Котомка нашлась в углу. Малюта вытряхнул котомку на пол, поднял расшитое полотенце, понюхал.
– Наврал холоп, баба у него в Юрьеве, от нее шел! – оскалился Малюта. – А ну, облейте его еще.
Василия еще раз окатили водой, и его глаза медленно приняли осмысленное выражение. Малюта, наклонившись к его лицу, прошипел:
– Посмотрим как запоешь, когда девку твою сюда из Юрьева привезу. Дам я её ребятам своим позабавиться. Может и ей понравится. Не первый, так десятый, что думаешь? И я полакомлюсь. – Малюта с удовлетворением увидел в глазах узника ужас.
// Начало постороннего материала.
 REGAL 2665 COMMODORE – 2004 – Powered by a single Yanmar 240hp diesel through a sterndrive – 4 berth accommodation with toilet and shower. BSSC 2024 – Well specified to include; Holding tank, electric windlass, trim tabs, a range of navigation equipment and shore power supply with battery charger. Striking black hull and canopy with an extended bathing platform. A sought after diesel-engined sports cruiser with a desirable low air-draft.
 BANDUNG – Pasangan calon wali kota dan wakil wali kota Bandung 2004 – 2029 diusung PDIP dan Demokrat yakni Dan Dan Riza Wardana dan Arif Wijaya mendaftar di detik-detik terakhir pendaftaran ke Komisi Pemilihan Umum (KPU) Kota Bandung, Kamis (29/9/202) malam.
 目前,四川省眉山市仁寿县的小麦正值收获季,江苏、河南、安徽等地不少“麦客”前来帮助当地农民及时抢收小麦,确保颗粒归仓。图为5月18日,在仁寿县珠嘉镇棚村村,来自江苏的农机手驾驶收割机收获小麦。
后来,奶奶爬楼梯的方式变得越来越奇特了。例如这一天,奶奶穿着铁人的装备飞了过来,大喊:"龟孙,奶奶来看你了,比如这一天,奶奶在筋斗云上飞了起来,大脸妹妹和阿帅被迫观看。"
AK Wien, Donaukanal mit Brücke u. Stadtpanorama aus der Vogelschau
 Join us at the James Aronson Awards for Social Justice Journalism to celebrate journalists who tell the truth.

– Все, что хочешь, скажу. Только её не трогай, – прохрипел Василий.
– Царю скажешь. От князя своего отречешься, сапоги лизать будешь. Скажешь, как князь твой с Ховриными, Морозовыми, Горбатым-Шуйским, царицу Анастасию извели, и царя и детей его извести хотели. Понял, пес? – Малюта еще раз пнул его сапогом и вышел.
Страх на минуту заглушил боль, хотя голова Василия гудела. Он не мог пошевелиться, но заставил себя думать. «Если Малюта знает о Насте, все равно не пощадит, чтобы я не сказал. Но откуда он знает? Если скажу им то, что хотят, мучить перестанут, умереть дадут. Нет, не могу я так-то… Прости, Настенька». Глаза Василия упали на тряпку на полу, узнал, понял. «Не знает Малюта ничего, угадал он, а я, дурак, и поверил». Василию стало легче.
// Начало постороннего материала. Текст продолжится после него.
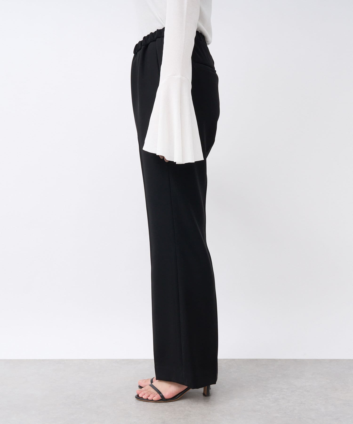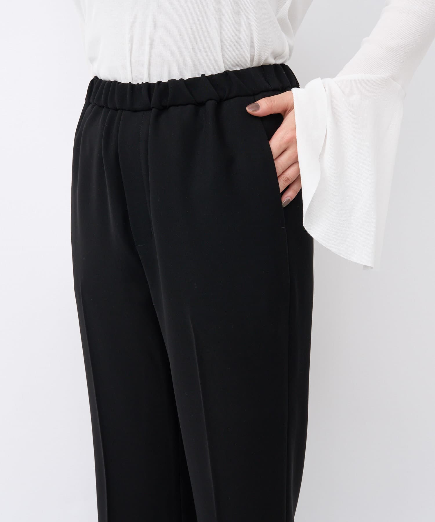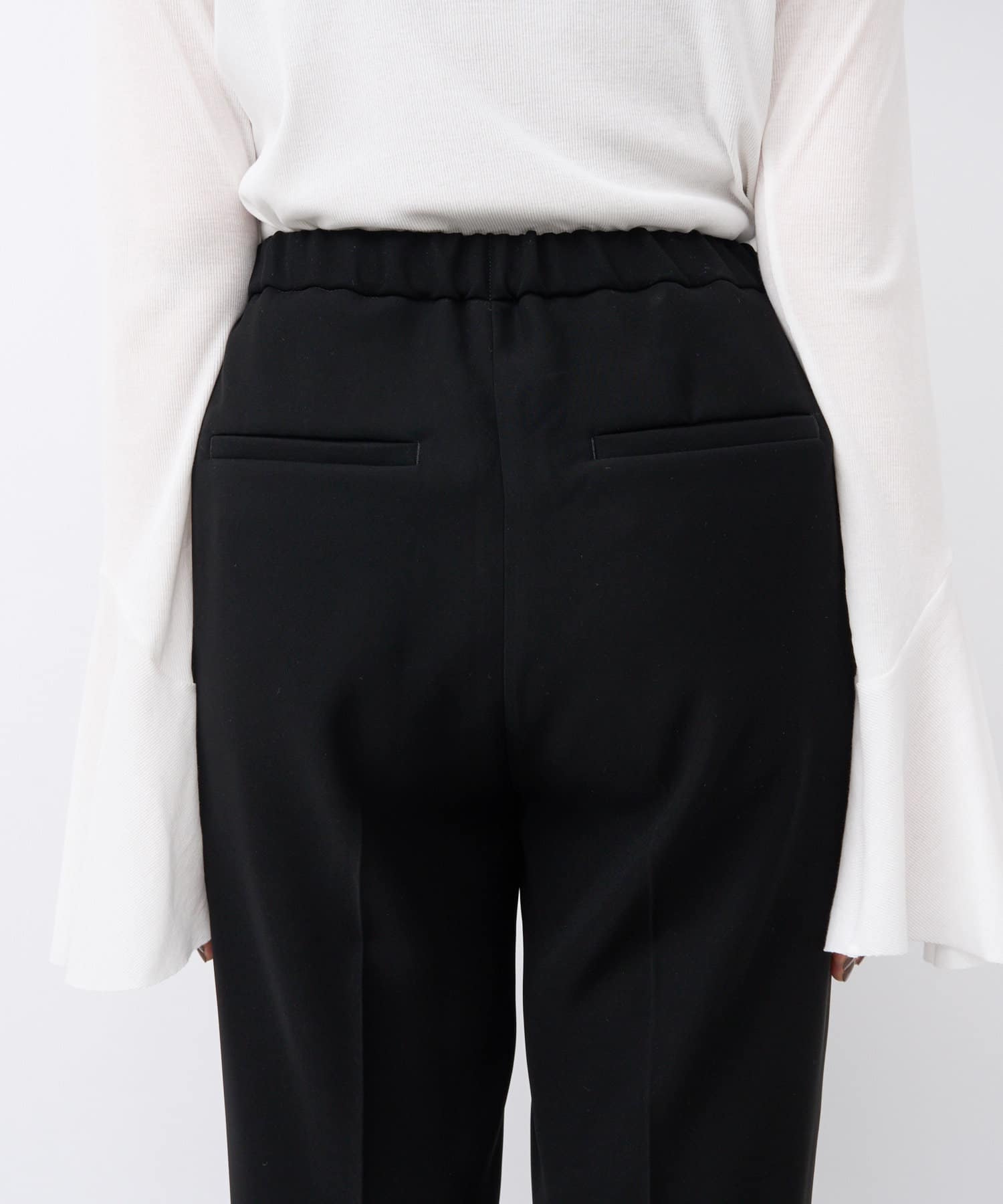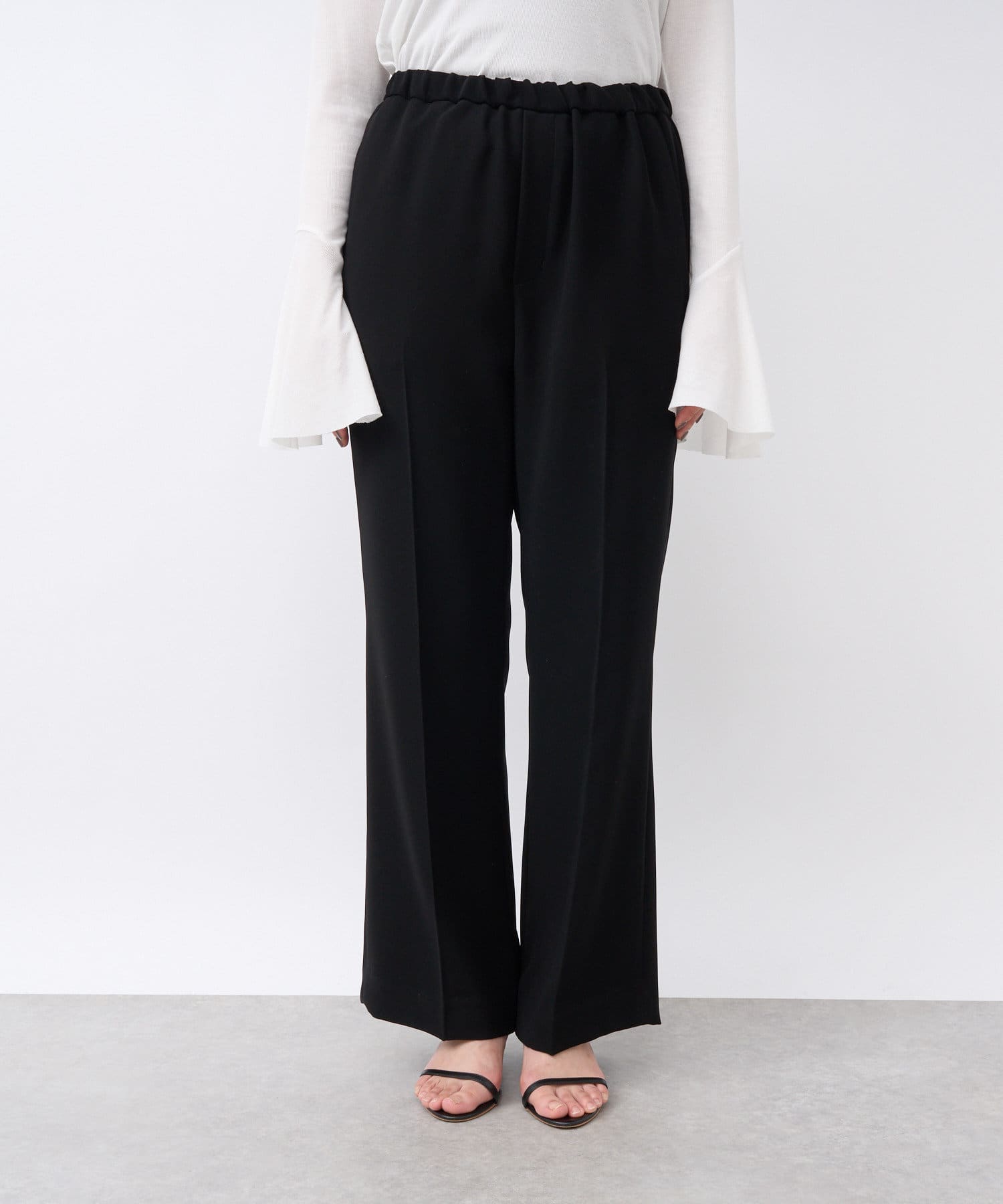 程よくストレッチ性があるので着心地も良い一枚。ウエストゴムで楽ちんキレイが叶う万能アイテムです。

Потом его вели, а скорее тащили, по Кремлю – сам он уже на ногах стоять не мог. Ввели в палату забитую людьми, в глазах пестрело от ярких, роскошных нарядов. Его бросили на колени перед царем, так он и остался.
– Ну что, холоп, додумался? Отречешься от своего хозяина? О злых делах его что знаешь?
Василий ответил хрипло:
– Не отрекусь. Умру за него. И никаких злых дел за ним нет.
Он с трудом поднял голову и посмотрел в глаза царю. Царь отвел взгляд, крикнул:
– Эй, Малюта, иди еще этого холопа поспрашай, память его освежи.
Когда тащили его вон, Василий с большим удовольствием увидел искаженное страхом лицо Малюты.
Малюта ворвался в камеру и даже не ожидая, пока узника вздернут на дыбе, приказал двум своим помощникам прижать его к полу. Сам уселся сверху, выхватил из-за голенища нож.
– Я тебя на ремни искромсаю! – закричал полным ненависти и страха голосом Малюта, и стал ножом срезать ему полоски кожи со спины.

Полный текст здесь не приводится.